(Recorded information Opens)

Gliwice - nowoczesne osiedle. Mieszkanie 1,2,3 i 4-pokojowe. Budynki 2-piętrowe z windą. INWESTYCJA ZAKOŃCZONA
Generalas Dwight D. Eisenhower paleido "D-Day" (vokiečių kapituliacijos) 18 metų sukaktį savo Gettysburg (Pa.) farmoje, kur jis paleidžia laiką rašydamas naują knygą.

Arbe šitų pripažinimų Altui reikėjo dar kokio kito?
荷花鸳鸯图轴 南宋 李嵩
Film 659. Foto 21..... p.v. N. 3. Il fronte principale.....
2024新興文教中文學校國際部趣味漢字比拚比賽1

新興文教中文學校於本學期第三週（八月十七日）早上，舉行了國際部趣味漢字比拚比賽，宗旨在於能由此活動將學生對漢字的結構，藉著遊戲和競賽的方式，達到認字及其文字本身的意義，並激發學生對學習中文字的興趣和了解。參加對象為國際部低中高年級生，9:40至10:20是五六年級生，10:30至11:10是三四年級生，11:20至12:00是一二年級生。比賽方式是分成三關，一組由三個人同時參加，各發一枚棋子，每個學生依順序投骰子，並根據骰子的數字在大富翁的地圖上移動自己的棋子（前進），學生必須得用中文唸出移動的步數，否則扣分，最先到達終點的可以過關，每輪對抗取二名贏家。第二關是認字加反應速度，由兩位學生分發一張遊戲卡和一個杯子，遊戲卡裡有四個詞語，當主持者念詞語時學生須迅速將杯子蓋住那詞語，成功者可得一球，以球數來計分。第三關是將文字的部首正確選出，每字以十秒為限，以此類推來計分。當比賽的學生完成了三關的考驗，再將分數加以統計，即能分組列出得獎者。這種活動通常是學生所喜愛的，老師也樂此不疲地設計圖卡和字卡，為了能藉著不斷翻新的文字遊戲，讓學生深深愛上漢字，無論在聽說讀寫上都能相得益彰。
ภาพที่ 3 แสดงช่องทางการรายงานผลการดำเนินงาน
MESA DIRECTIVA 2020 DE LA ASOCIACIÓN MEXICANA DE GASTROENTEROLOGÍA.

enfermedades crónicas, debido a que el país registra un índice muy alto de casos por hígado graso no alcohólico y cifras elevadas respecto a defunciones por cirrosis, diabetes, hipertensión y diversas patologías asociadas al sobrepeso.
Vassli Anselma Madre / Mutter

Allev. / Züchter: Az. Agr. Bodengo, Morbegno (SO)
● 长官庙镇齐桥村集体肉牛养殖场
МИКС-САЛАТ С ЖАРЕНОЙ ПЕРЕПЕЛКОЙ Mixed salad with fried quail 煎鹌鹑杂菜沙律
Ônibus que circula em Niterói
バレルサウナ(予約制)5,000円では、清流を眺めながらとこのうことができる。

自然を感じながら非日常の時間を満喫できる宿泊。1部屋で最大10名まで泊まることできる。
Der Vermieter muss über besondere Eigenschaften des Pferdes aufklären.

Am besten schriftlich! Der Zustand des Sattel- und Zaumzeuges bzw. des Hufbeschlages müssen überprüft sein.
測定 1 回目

(Recorded information Closes)
(Recorded information Opens)

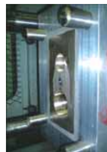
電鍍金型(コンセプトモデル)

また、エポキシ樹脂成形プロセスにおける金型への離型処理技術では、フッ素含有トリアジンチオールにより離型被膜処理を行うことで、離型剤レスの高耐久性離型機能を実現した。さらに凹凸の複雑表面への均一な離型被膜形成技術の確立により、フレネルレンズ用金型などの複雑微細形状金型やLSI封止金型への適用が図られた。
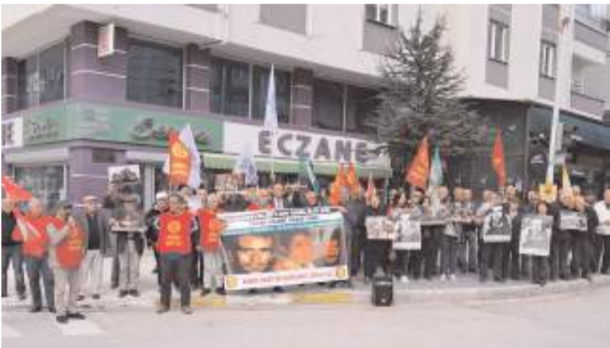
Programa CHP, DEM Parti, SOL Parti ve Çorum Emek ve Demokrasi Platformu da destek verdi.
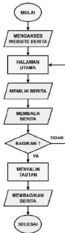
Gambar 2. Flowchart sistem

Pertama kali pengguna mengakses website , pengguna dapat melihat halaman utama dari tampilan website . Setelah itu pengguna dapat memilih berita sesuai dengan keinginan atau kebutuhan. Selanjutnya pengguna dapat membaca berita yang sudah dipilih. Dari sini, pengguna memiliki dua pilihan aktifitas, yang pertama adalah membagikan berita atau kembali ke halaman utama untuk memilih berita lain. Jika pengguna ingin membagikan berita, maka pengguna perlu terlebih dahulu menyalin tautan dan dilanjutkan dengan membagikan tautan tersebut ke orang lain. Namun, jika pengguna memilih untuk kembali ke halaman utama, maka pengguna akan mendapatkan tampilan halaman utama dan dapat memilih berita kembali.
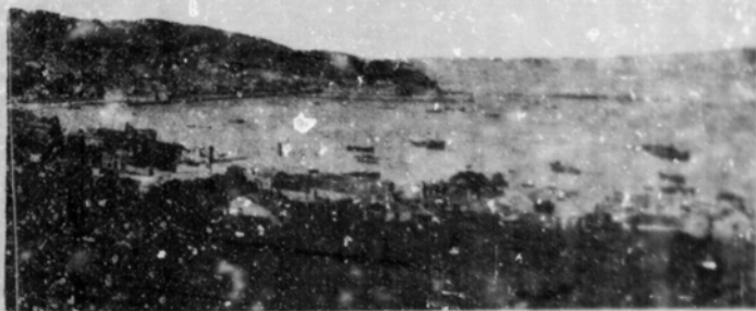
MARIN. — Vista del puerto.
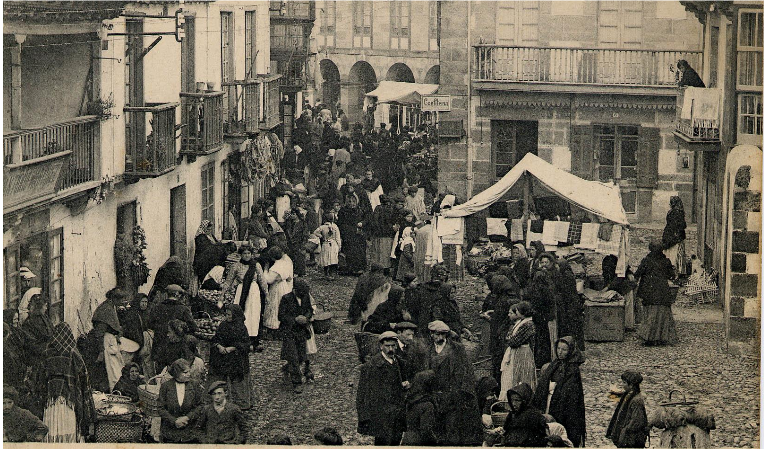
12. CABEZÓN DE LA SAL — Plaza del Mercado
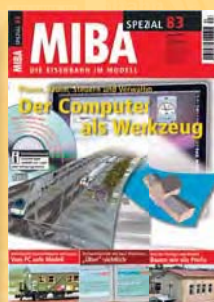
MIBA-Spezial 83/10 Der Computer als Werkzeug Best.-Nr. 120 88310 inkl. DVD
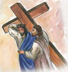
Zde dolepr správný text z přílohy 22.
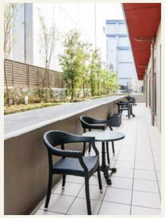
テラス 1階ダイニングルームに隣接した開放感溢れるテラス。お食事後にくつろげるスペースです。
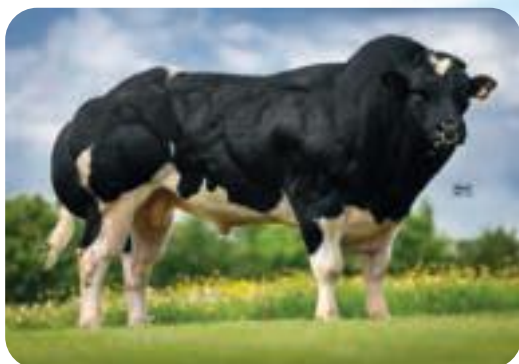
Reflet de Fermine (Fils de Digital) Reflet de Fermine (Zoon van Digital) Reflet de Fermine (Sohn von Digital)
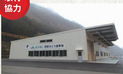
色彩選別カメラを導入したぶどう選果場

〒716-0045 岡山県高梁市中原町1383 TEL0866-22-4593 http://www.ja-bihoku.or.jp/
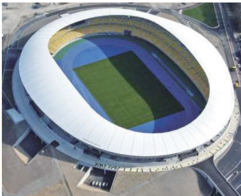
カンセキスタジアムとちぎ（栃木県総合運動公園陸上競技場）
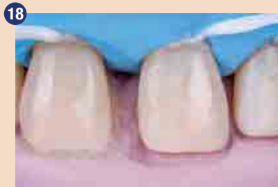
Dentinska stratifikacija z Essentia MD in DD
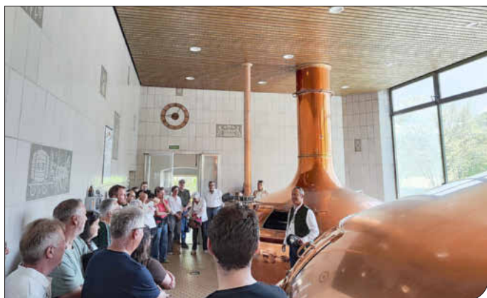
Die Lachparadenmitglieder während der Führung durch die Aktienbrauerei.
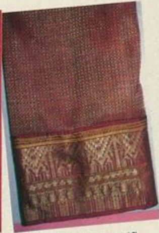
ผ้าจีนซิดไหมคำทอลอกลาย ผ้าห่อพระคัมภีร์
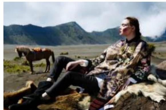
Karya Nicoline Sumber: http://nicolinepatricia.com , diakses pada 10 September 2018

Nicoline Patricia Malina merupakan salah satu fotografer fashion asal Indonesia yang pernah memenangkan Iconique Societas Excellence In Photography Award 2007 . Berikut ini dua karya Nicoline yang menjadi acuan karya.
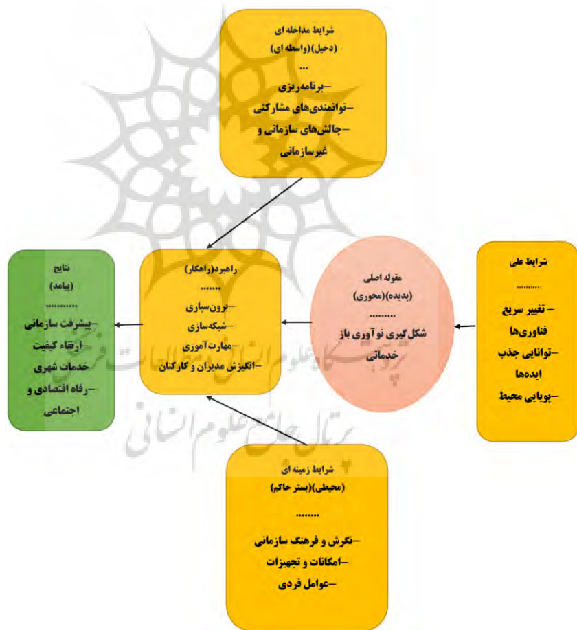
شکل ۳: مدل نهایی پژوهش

(Recorded information Closes)
(Recorded information Opens)

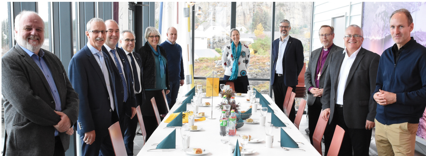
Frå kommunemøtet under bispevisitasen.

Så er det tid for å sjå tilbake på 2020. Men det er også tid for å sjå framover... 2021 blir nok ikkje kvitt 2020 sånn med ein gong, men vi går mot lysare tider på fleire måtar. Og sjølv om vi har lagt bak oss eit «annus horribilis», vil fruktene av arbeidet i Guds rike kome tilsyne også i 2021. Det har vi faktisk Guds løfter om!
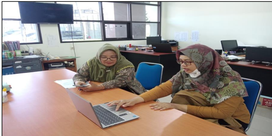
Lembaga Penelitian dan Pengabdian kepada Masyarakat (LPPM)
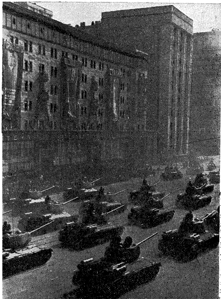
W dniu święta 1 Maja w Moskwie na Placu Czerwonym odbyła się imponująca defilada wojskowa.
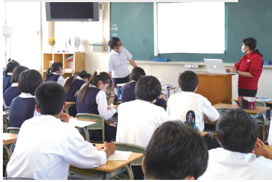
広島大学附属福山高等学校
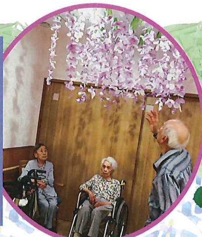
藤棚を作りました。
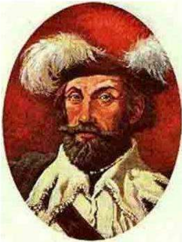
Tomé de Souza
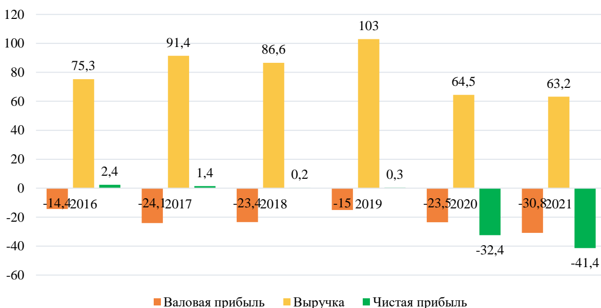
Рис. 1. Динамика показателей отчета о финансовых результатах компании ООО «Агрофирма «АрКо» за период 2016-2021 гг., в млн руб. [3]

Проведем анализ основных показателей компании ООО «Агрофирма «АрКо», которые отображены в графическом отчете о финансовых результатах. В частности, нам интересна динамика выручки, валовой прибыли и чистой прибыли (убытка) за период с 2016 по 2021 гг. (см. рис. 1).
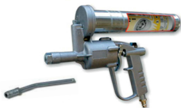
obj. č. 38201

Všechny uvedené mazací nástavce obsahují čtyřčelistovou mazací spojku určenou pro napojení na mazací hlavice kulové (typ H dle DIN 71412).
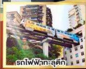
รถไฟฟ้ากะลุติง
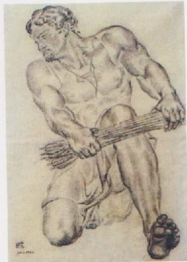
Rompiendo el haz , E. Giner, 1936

(Recorded information Closes)

# What the task asks
Going through the material, how many lines contain the word "период"? Please give only the number.

# Exercise result
2